__Problem description__:
Should the entries contain pictures, leave them out and return exactly the lines from the first through the line holding "fröhlich knallen, Junge.".

Source records

· · · · · · ·

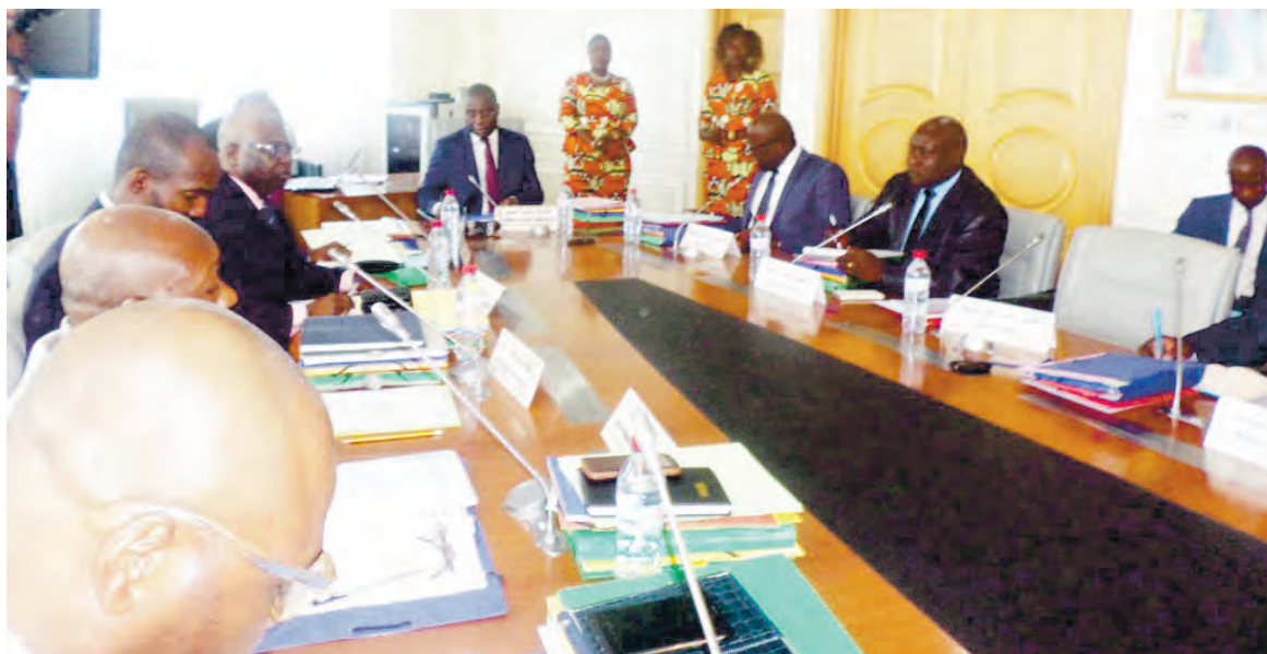
Les membres du conseil d'administration pendant les travaux

Selon le communiqué final sanctionnant les travaux du conseil, ce budget de 2,940 milliards FCFA comprend 2.912.800 millions francs CFA destinés aux charges d'exploitation, et 27.200.000 FCFA, pour la marge bénéficiaire prévisionnelle. Les investissements sur fonds propre du port, sont eux, arrêtés à la somme de 303 millions FCFA.
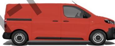
Feuer-Rot, RAL 3000 E0JH 800,00 (952,00)
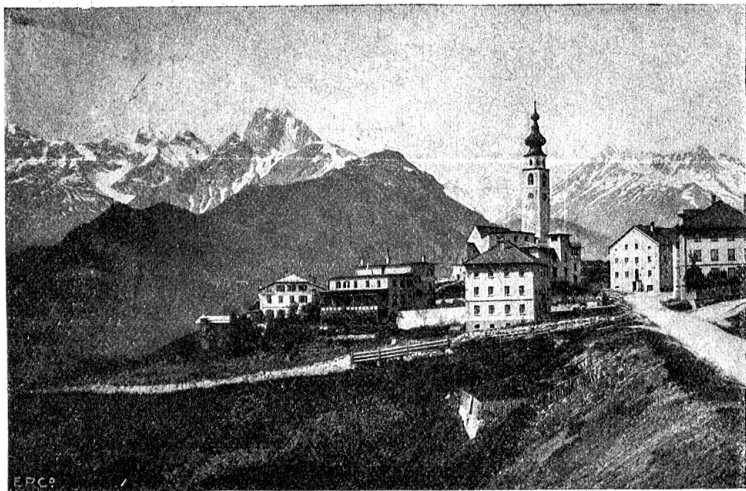
Im Unterengadin: Zetan, das Hochterassendorf.

fröhlich knallen, Junge. Bind deine Schürze besser um, Mädchen, sonst verlierst du sie beim ersten Zug. Nimm die andere Gabel, du, nicht daß dir die eine Zinke gleich abbricht, sie ist gar schwach und du lädst gar schwer. Gib sie dem Knechtlein, für den ist sie gerade recht. Da sind wir, marsch, herunter vom Wagen. Jetzt muß es laufen.“
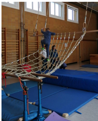
Projektwoche 2022 - Thema: Bewegung und Gemeinschaft
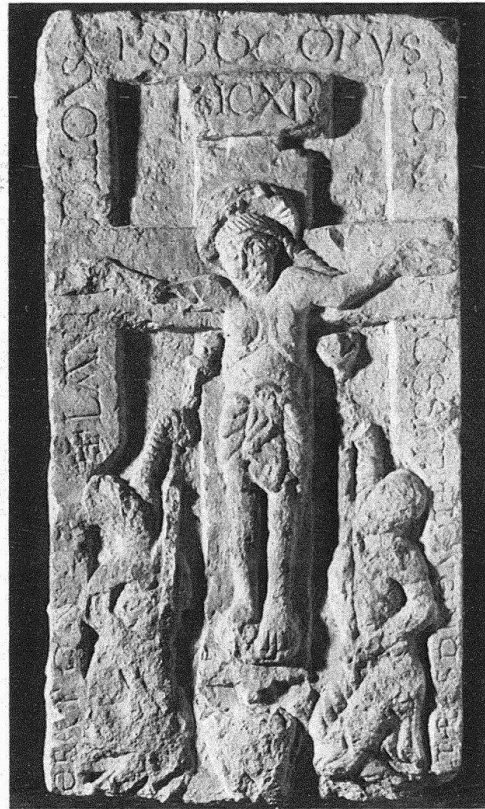
Schloss Lenzburg. Kant. historische Sammlung. Herzacher Relief, 10. Jh.

stätten. Alles in allem fundamentale Verbesserungen , die den Weg ebnen, um das vorhandene Sammlungsgut zur Geltung zu bringen.
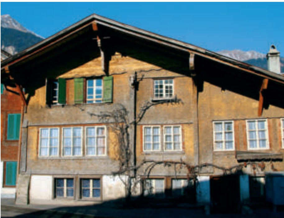
Die grauen Partien waren dem Regen ausgesetzt, die dunkelbraunen nicht.

Ein weiterer Grund für Schäden an beschichteten Schindelfassaden ist die ungenügende Wasserdampfdurchlässigkeit der Beschichtungsstoffe, die bekanntlich nur einseitig auf die Schindeln aufgetragen werden können. Wasser kann also seitlich in den Schindelschirm eindringen und bei Sonnenbestrahlung durch den entstehenden Wasserdampfdruck die Beschichtung abheben.
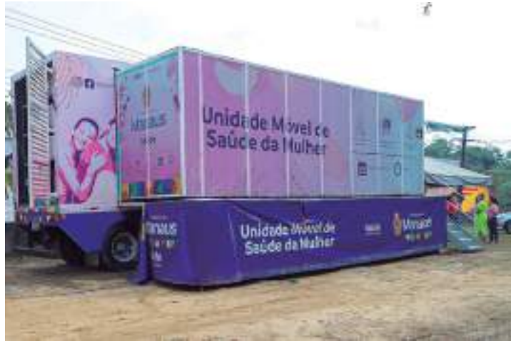
Serviços de saúde ofertados para mulheres

A estrutura móvel da zona Oeste vai atender, até esta sexta-feira, às usuárias da comunidade Parque Riachuelo, localizada na rua Beija-Flor Vermelho, no bairro Tarumã. Após o deslocamento, a unidade voltará
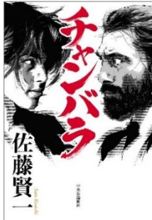
【チャンバラ】 佐藤 賢一/著
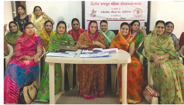
મહિલાઓ પણ સમયની સાથે સાથે કદમ મિલાવીને આગળ વધે તે માત્ર સમાજ માટે જ નહીં પરંતુ રાષ્ટ્ર માટે પણ જરૂરી બન્યું છે. આ કોન્ફરન્સનું ઉદ્દેશ્ય ત્રણ સવારે ૧૦ કલાકે રાજ્યના મુખ્યમંત્રી વિજયભાઈ રૂપાણીના હસ્તે કરવામાં આવશે. આ અંગે ગાંધીનગર રાજપૂત મહિલા આર.જી.એ.એ. જણાવ્યું કે મંડળના પ્રમુખ સુશીલાબા આર.જી.એ.એ. જણાવ્યું કે આજના સમયમાં શ્રત્રિય રાજપૂત સમાજ માટે અનેક પડકારો ઉભા છે. તેમાં પણ મહિલાઓ માટે

શ્રી કચ્છ કાઠીયાવાડ રાજપૂત સેવા સમાજ અને ગાંધીનગર રાજપૂત મહિલા મંડળ દ્વારા ગાંધીનગર ટાઉનહોલ ખાતે આગામી તા. ૩૧ માર્ચને રવિવારના રોજ દ્વિતિય રાજપૂત મહિલા કોન્ફરન્સનું આયોજન કરવામાં આવ્યું છે. આ કોન્ફરન્સમાં સમગ્ર રાજ્યમાંથી અંદાજીત ૧૫૦૦ થી વધુ રાજપૂત સમાજની મહિલાઓ હાજર રહેશે. કોન્ફરન્સમાં રાજપૂત સમાજની સંસ્કૃતિનું જતન, ઠિકરીઓને ભણાવવા તેમજ ભવિષ્યના પ્રશ્નો અને પડકાર મામલે ચર્ચા વિચારણા કરવામાં આવશે. જ્યારે આગામી લોકસભાની ચૂંટણીમાં ગુજરાતના તમામ રાજપૂત સમાજના પરિવારના સભ્યોને મતદાન કરવા માટે અખીલ કરવામાં આવી છે. કચ્છ કાઠીયાવાડ રાજપૂત સેવા સમાજ દ્વારા વર્ષ ૨૦૧૪ માં શહેરમાં પ્રથમવાર મહિલા કોન્ફરન્સ યોજાઈ હતી. જેમાં તત્કાલીન મુખ્યમંત્રી અને હાલના વડાપ્રધાન નરેન્દ્રભાઈ મોદી પણ ઉપસ્થિત રહ્યા હતા. આજના સમયમાં સમાજ ઘડતર અને રાષ્ટ્ર ઘડતરમાં મહિલાઓની પણ મુખ્ય ભૂમિકા રહેલી છે. તેમાં રાજપૂત સમાજની મહિલાઓનું પણ યોગદાન જરૂરી નહીં પરંતુ આવશ્યક છે. ત્યારે આજે સમય બદલાયો છે રાજપૂત સમાજની નોકરી વ્યવસાયથી લઈને ઠિકરીઓને ભણાવવા, બાળકોનું ઘડતર, તપસ્વીનીઓ, નિરાધાર, અશક્ત રાજપૂતાણી અને તેઓના પરિવારના પ્રશ્નો જેવા મહત્વના
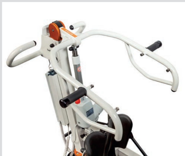
Zusätzliche Gurtaufnahmepunkte am Bügel
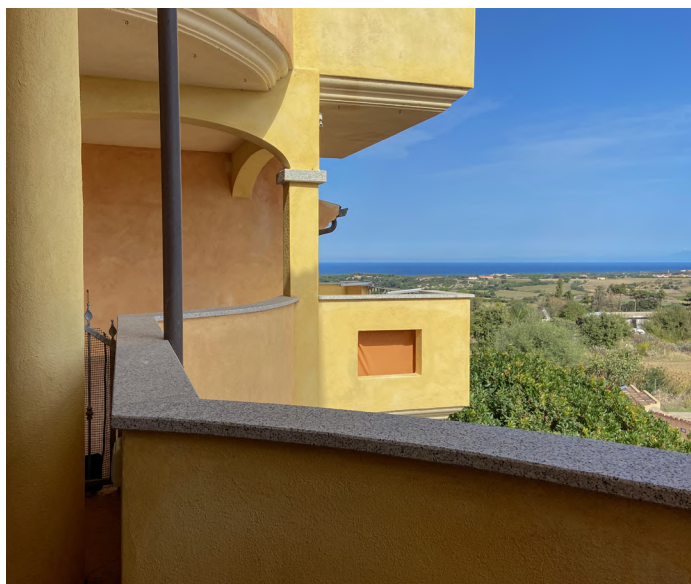
BILOCALE A VALLEDORIA - €65.000
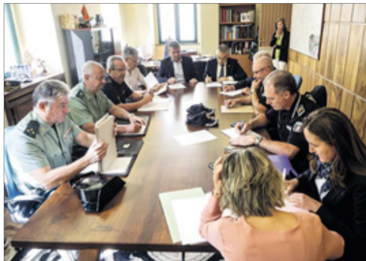
La reunión, que se celebró con carácter extraordinario, tuvo lugar el lunes 18.

De esta forma, señaló, se ha llegado al "acuerdo" de que la Policía Nacional refuerce la acción "al comienzo, final y desarrollo de los operativos" que la Policía Local lleva a cabo con el fin de minimizar la práctica del denominado botellón. Cabe recordar que la reunión extraordinaria de la Junta Local de Seguridad se celebró con motivo de la agresión que sufrió un vecino del Casco Histórico Alto, de 35 años, la noche del viernes
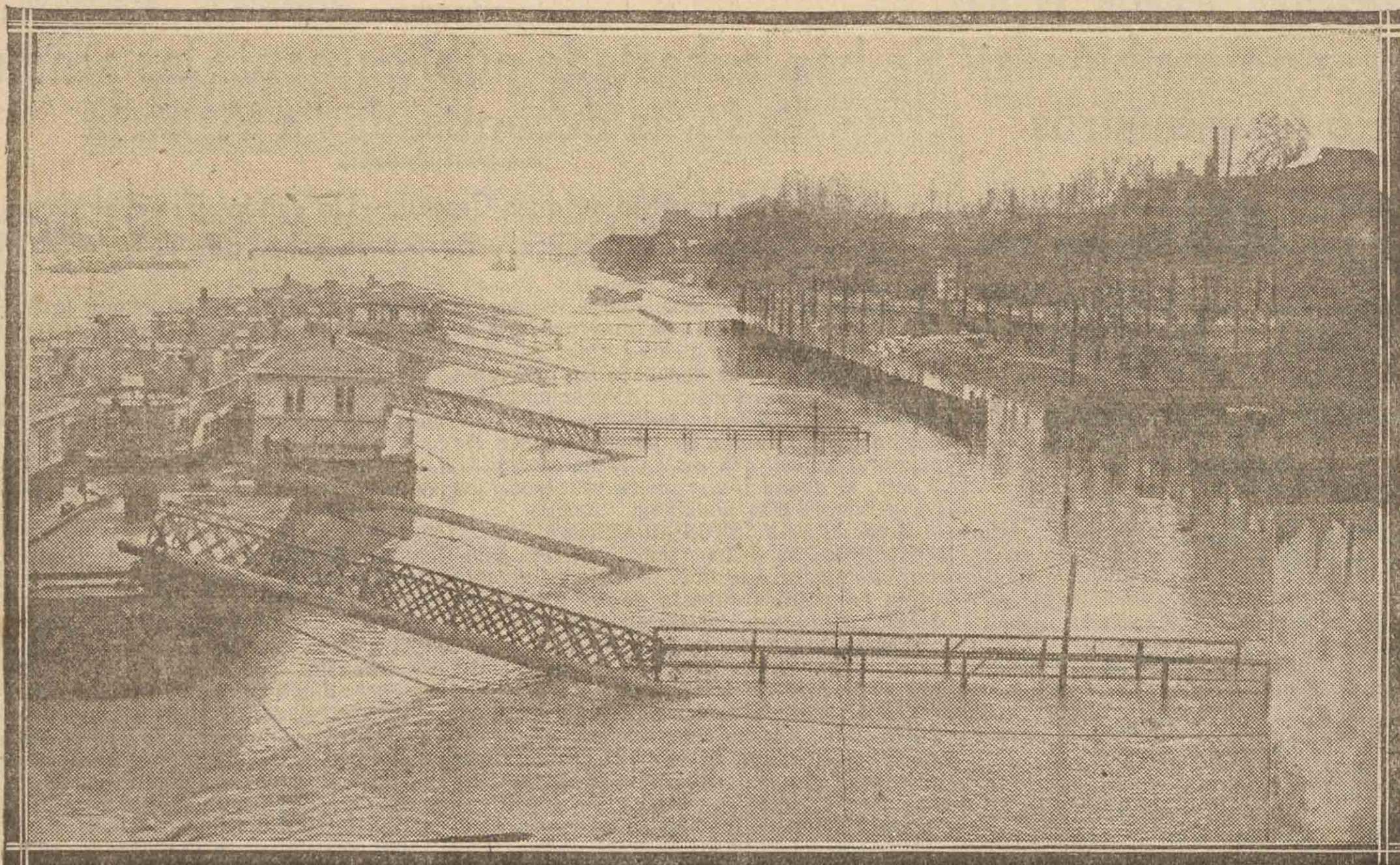
LA CRECIDA DEL SENA. — Los pontones de los vapores que hacen la travesía de París, aislados por el agua que sube de nivel

· · · · · · ·

__Written reply__:
Les membres du conseil d'administration pendant les travaux

Selon le communiqué final sanctionnant les travaux du conseil, ce budget de 2,940 milliards FCFA comprend 2.912.800 millions francs CFA destinés aux charges d'exploitation, et 27.200.000 FCFA, pour la marge bénéficiaire prévisionnelle. Les investissements sur fonds propre du port, sont eux, arrêtés à la somme de 303 millions FCFA.
Feuer-Rot, RAL 3000 E0JH 800,00 (952,00)
Im Unterengadin: Zetan, das Hochterassendorf.

fröhlich knallen, Junge. Bind deine Schürze besser um, Mädchen, sonst verlierst du sie beim ersten Zug. Nimm die andere Gabel, du, nicht daß dir die eine Zinke gleich abbricht, sie ist gar schwach und du lädst gar schwer. Gib sie dem Knechtlein, für den ist sie gerade recht. Da sind wir, marsch, herunter vom Wagen. Jetzt muß es laufen.“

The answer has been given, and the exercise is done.